For a temperature of 320 F, saturated gas has a density of aproximately 0.203 lbm/ft³. So if it were saturated at that temperature (pressure is roughly 89.6 psia) then you would have more water in the container than you originally had. Since there's less mass in the vessel at 320 F than there is for saturated vapor at 320 F, do you see any way for the water to be saturated? Note that if the quality of saturated vapor is 1.0 and a density of 0.203, then decreasing the quality (ie: decreasing from 1.0 to something between 0 and 1) will only increase density.

If the density is less than the saturated vapor line, is that superheated or does something else happen?

If it is superheated, then how can you use the steam tables to find the temperature?

Hopefully this helps answer your question even if it doesn't answer the question that the problem poses directly. The final product is superheated of course, and you need to consider how to show that on a p-v diagram. Part of that will be to find the pressure and temperature where the water has a quality of 1.0. Have you determined that state yet?

 

[rude man]

Homework Statement

I just need help understanding how I can determine why the substance became a "superheated vapor."

Thank you.

Look at the p-v diagram for water. Go to the isotherm for T = 260F and follow it until it flattens out in the mixed-phase region. Stop when the quality is 60%. Now, how do you move on the chart to correspond with heating the mixture until T= 320F?

 

[Mr.RGerk]

I just want to thank you both tremendously for your help with this. I spent a lot of time mulling over what you've said and it is pretty clear to me. It isn't very clear when looking at it at first, but it needs a little intuition and logic. Simply enough, the volume needs to remain constant because of the rigid tank, but V1 =/= V2 if V2 remains a saturated vapor.

The T - V diagram is a clearer way of visualizing it. If I draw a vertical line (since V remains constant) the position 2 will fall out of the bounds of the saturated vapor and into those of superheated vapor.

I also found an easier way of evaluating these things.

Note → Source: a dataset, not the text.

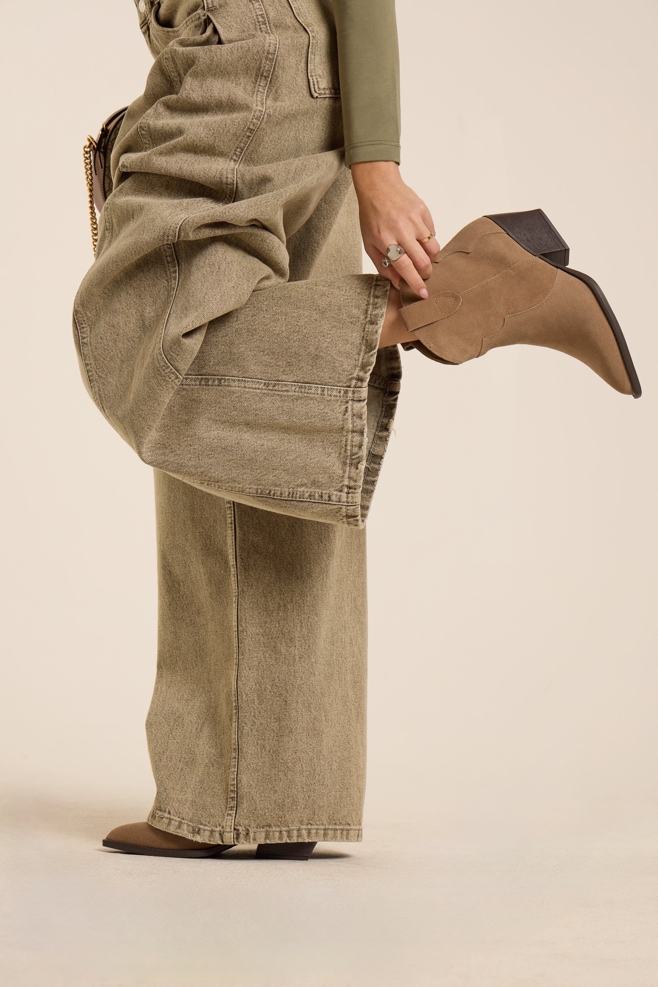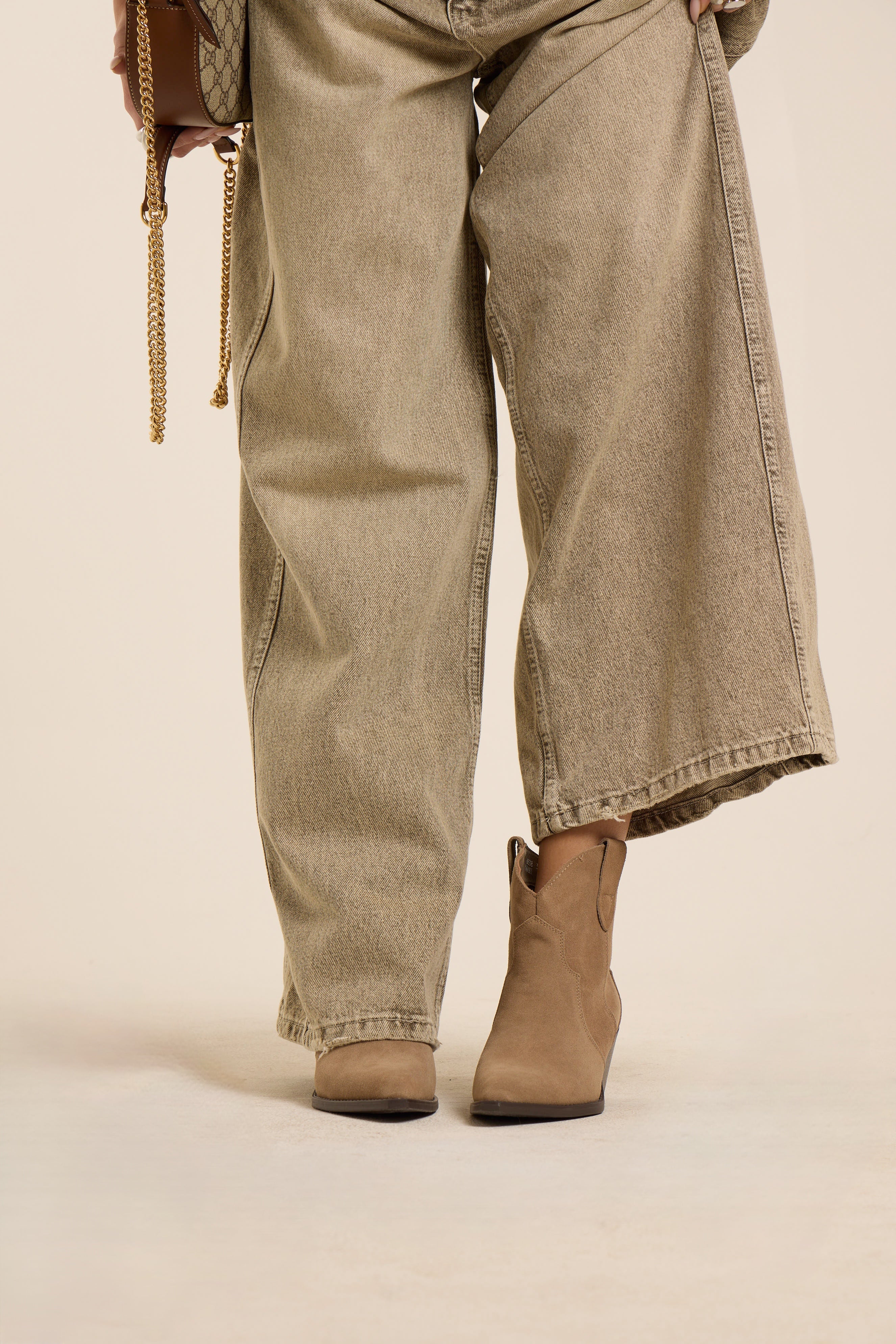 Texano basso, basico in suede. In vera pelle. Cuciture e rifiniture tono su tono. Suola a contrasto colore.

According to a diagram I found online, If V1 < V2_f, it will be supercooled liquid. For V2_f < V1 < V2_g it will be saturated mixture. For V1 > V2_g it will be superheated vapor. I haven't tried this method out on any other examples, but if it works it will definitely help simplify things for me. Thanks again guys, I really appreciate it.

 

[rezeew]

I would like to provide some clarification on the concept of saturated mixture and superheated vapor. A saturated mixture is a two-phase system where both liquid and vapor phases exist in equilibrium at a given temperature and pressure. This means that the system is at its boiling point and any additional heat added will result in a phase change (either more liquid turning into vapor or vice versa). In this case, the substance is a saturated mixture at 260 F with a quality of 0.6.

As the heat transfer continues and the temperature increases, the substance will reach its critical point (where the liquid and vapor phases can no longer be distinguished) and enter the superheated vapor region. This means that the substance is now completely in the vapor phase and any additional heat added will result in an increase in temperature without a phase change. In this case, the substance becomes a superheated vapor at 320 F.

The specific volume of the substance will decrease as it transitions from a saturated mixture to a superheated vapor, as you have observed. This is because the molecules in the vapor phase are now further apart and have more energy, resulting in a lower density.

To determine the mass of vapor initially in the tank and the final pressure, you can use the ideal gas law (PV = mRT) and the definition of quality (x = m_vapor/m_total) to solve for the mass of vapor and the final pressure. I would also recommend using a thermodynamic chart or table to verify your calculations.